Она потратила столько времени на сентиментальные сказки о любви, которые ему и даром были не нужны. Всё это время она выбрала не тот вектор.
Напротив, когда вкладывала душу, он только глупо улыбался. А вот когда причиняла боль, тогда открывалось его настоящее нутро.
— У тебя просто не хватает духа признаться, вот и всё. Я сказала это за тебя.
— А… ах…
Как и следовало ожидать, он стал пепельно-серым.
— Если ты этого хочешь, я так и сделаю.
— Зоя…
Каким бы безумным ни был этот их сахалинский культ, догадаться, что аборт противоречит его доктрине, было несложно. Это, в конце концов, универсальная норма любой религиозной фанатичной секты.
Джу Соль Хон безучастно смотрела в лицо мужа, искажённое ужасом.
Это была нежеланная беременность. Для неё — результат, которого она так долго добивалась. Но увидев, как Ригай побелел, внутри всё оборвалось. Почему-то совсем не радует.
— Я уже совершил слишком много грехов, Зоя… Я не смогу… не смогу никогда всё это искупить…
— И что ты теперь предлагаешь?!
— Во-возле меня слишком много людей, которых отец заранее поставил. Когда живот начнёт расти, он обязательно об этом узнает…
Он озирался, как перепуганное животное. И правда, в его паранойе было что-то пугающе логичное. Даже жена у него — подставное лицо.
Джу Соль Хон не меняла выражение лица.
— Зоя… может, мы… может, мы отдадим ребёнка в Корею?
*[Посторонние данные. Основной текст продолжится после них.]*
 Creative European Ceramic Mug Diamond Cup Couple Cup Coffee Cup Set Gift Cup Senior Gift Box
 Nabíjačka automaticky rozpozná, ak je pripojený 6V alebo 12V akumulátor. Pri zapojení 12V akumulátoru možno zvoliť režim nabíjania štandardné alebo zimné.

На усыновление?
— Лучше поехали в Штаты. Вместе.
Она воспользовалась возможностью и надавила снова.
— Если тебе так ненавистен Сахалин — давай сбежим. У нас есть выбор.
— А я… я оставил там братьев и сестёр. И теперь снова один должен убегать?
Ригай сжался. Джу Соль Хон не могла понять его вины и слепой преданности.
Он повинуется отцу, но на родину не возвращается. Он скован догмами сахалинской секты, и всё же не желает такой участи своему ребёнку.
Она молча смотрела, как он запутывается в этой противоречивой паутине. Какое, к чёрту, усыновление… Если этот ребёнок не для миссии, он мне вообще не нужен. Джу Соль Хон холодно собралась с мыслями.
С того дня Ригай начал просыпаться по ночам в холодном поту. Когда приходило письмо от отца, этот взрослый мужчина мог часами стоять в коридоре, забыв, где он находится.
Потом он снова запирался в себе, раскрывал потрёпанную Библию и молчал. Он вызывал у неё и раздражение, и жалость.
— Прошу тебя, Зоя… Я не должен быть отцом… Так будет лучше и для ребёнка. Пусть его усыновят в Корее. П-пожалуйста. Я умоляю… Мне нельзя иметь детей. Я не хочу… не хочу ребёнка…
Ты о своих сраных братьях вспоминаешь с таким трепетом… А на своего ребёнка плевать хотел?
Иногда эта злость вспыхивала в ней почти животной яростью.
Ригай уже несколько месяцев не мог посмотреть ей в глаза. И на округлившийся живот — тоже. Каждый раз он только опускал голову.
Чем больше становился живот, тем сильнее росла в нём эта опухоль отчаяния. Отношения между ними стремительно катились в пропасть. И каждый раз, когда взгляд его, полный страха, скользил в сторону её живота, казалось, он видит там не человека, а нечто иное.
Джу Соль Хон становилась всё злее. Её раздражение перешло в ярость.
— Сколько раз тебе повторять?! Не смотри на меня так! Не смей смотреть такими глазами! Я что, чужого ребёнка ношу? Я беременна от тебя, твоим, твоим ребёнком! Я не дьявола вынашиваю, чёрт бы тебя побрал!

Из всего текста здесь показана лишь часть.